According to the Maxwell's equations of electricity and magnetism, an oscillating electric field induces an oscillating magnetic field, which in turn induces oscillating electric field. This explains how light can travel in vacuum without needing any material medium. Maxwell also showed that the electric and magnetic fields of an electromagnetic wave in vacuum are perpendicular to each other, and they in turn are perpendicular to the direction of the propagation of the wave.

A particularly simple form of electromagnetic wave is a plane harmonic wave in which electric field oscillates along a single axis, and magnetic field in an axis perpendicular to that as shown in Figure 49.1.1. For instance, an electromagnetic wave traveling towards positive \(x\) axis with electric field oscillating along \(y\) axis and magnetic field oscillating \(z\) axis is an example of a plane wave.

Figure 49.1.1. Plane electromagnetic wave traveling to the right. The electric field and magnetic field are perpendicular to each other and direction of the wave is perpendicular to both electric and magnetic fields.

We can write the plane electromagnetic wave shown in Figure 49.1.1 analytically by two vector functions, one the electric field and the other for the magnetic field. The two waves have the same angular frequency \(\omega\text{,}\) same wavenumber \(k\) , and same phase constant \(\phi\text{.}\) Let us denote their amplitudes by \(E_0\) and \(B_0\text{,}\) respectively. With unit vectors \(\hat u_y\) towards positive \(y\) axis and \(\hat u_z\) towards positive \(z\) axis, the following functions will describe oscillating electric and magnetic fields propagating towards positive \(x\) axis.

\begin{align} \amp \vec E = E_y \hat u_y = \hat u_y E_0 \cos(k x -\omega t + \phi),\label{eq-em-wave-1}\tag{49.1.1}\\ \amp \vec B = B_z \hat u_z = \hat u_z B_0 \cos(k x -\omega t + \phi).\label{eq-em-wave-2}\tag{49.1.2} \end{align}

The amplitudes of the waves, viz. \(E_0\) and \(B_0\) are related by the wave speed \(v\) in the medium.
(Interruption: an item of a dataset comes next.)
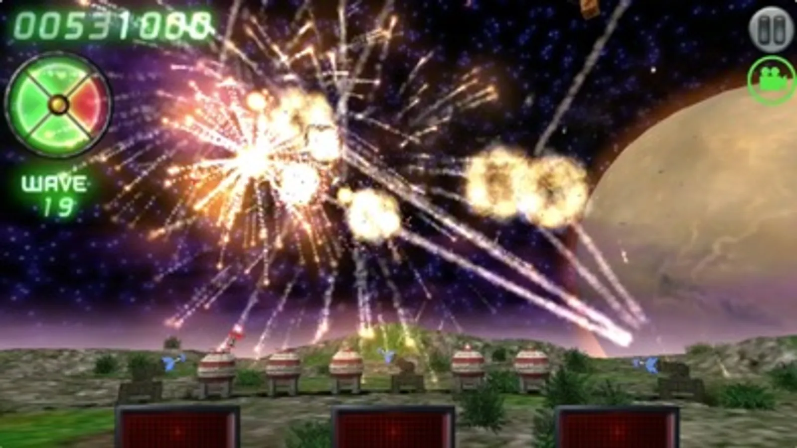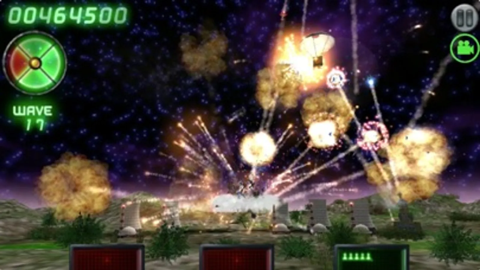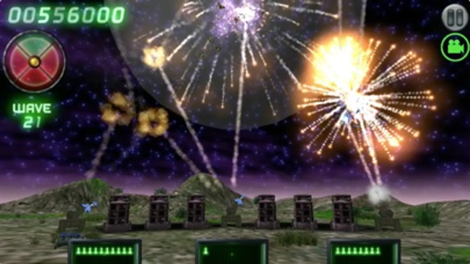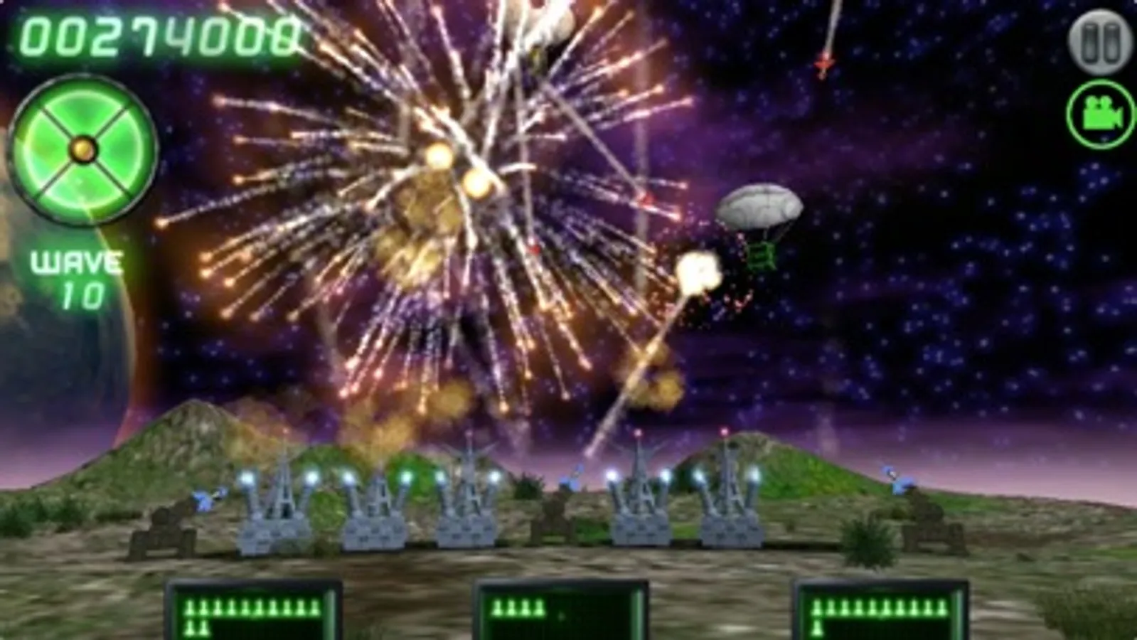 There are falling missiles and you have rocket launchers which fire interceptor rockets to shoot down the incoming missiles. You tap the screen to launch a rocket toward that point, and there are falling powerups which you can shoot down as well.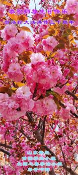 时间飞逝,转眼间师尊传法已三十载。伟大的师尊啊!您为苍宇众生耗尽了心血,让我们喜得宇宙大法!我们无法用语言表达对师尊的感恩,唯有精進实修,叩拜师尊生日快乐! 山东省青岛-大法弟子恭贺世界法轮大法日!

We will use symbol \(c\) for the speed in vacuum.

\begin{equation} B_0 = \frac{E_0}{v}.\tag{49.1.3} \end{equation}

With \(\hat u_x\) as unit vector towards positive \(x\) axis, the direction of the wave is given by the wave propagation vector, \(\vec k = k \hat u_x\text{,}\) which is the product of the wavenumber and the direction unit vector.

The argument of the trigonometric functions on the right of Eqs. (49.1.1) and (49.1.2) is called the phase of the wave. As shown in these formulas, the waves of these fields march with the same phase: the crest of the electric field occurs at the same location and time as the crest of the magnetic field wave and the trough with the trough.

The angular frequency \(\omega\) (radians per second) and wave number \(k\) (radians per meter) are related to the frequency \(f\) (cycles per second or Hertz, Hz) and wavelength \(\lambda\) (meter) respectively.

\begin{align*} \amp \omega = 2\pi f.\\ \amp k = \frac{2\pi}{\lambda}. \end{align*}

The ratio \(\omega/k\) is therefore equal to the wavespeed \(v\) in the medium by the following fundamental equation of waves.

\begin{equation} \frac{\omega}{k} = \lambda f = v.\tag{49.1.4} \end{equation}

Maxwell showed that the speed of electromagnetic wave in the vacuum is simply related to the electrromagnetic properties of vacuume, namely, electric susceptibility \(\epsilon_0\) and the magnetic permeability \(\mu_0\text{.}\)

\begin{equation} \text{Speed of light in vacuum, }\ \ c = \frac{1}{\sqrt{\mu_0 \epsilon_0}}.\label{eq-speed-of-light-in-vaccum-ch-light-wave}\tag{49.1.5} \end{equation}

In other linear media, a similar formula relates speed to electric susceptibility \(\epsilon\) and the magnetic permeability \(\mu\) of the medium.

\begin{equation} v = \frac{1}{\sqrt{\mu\epsilon}}.\tag{49.1.6} \end{equation}

It turns out that, for nonmagnetic media, \(\mu\approx \mu_0\text{.}\) Therefore,

\begin{equation} v = \sqrt{\frac{\epsilon}{\epsilon_0}} \; c.\tag{49.1.7} \end{equation}

The ratio \(\frac{\epsilon}{\epsilon_0}\) is called the dieelectric constant of the medium, which is denoted by \(\epsilon_r\text{.}\)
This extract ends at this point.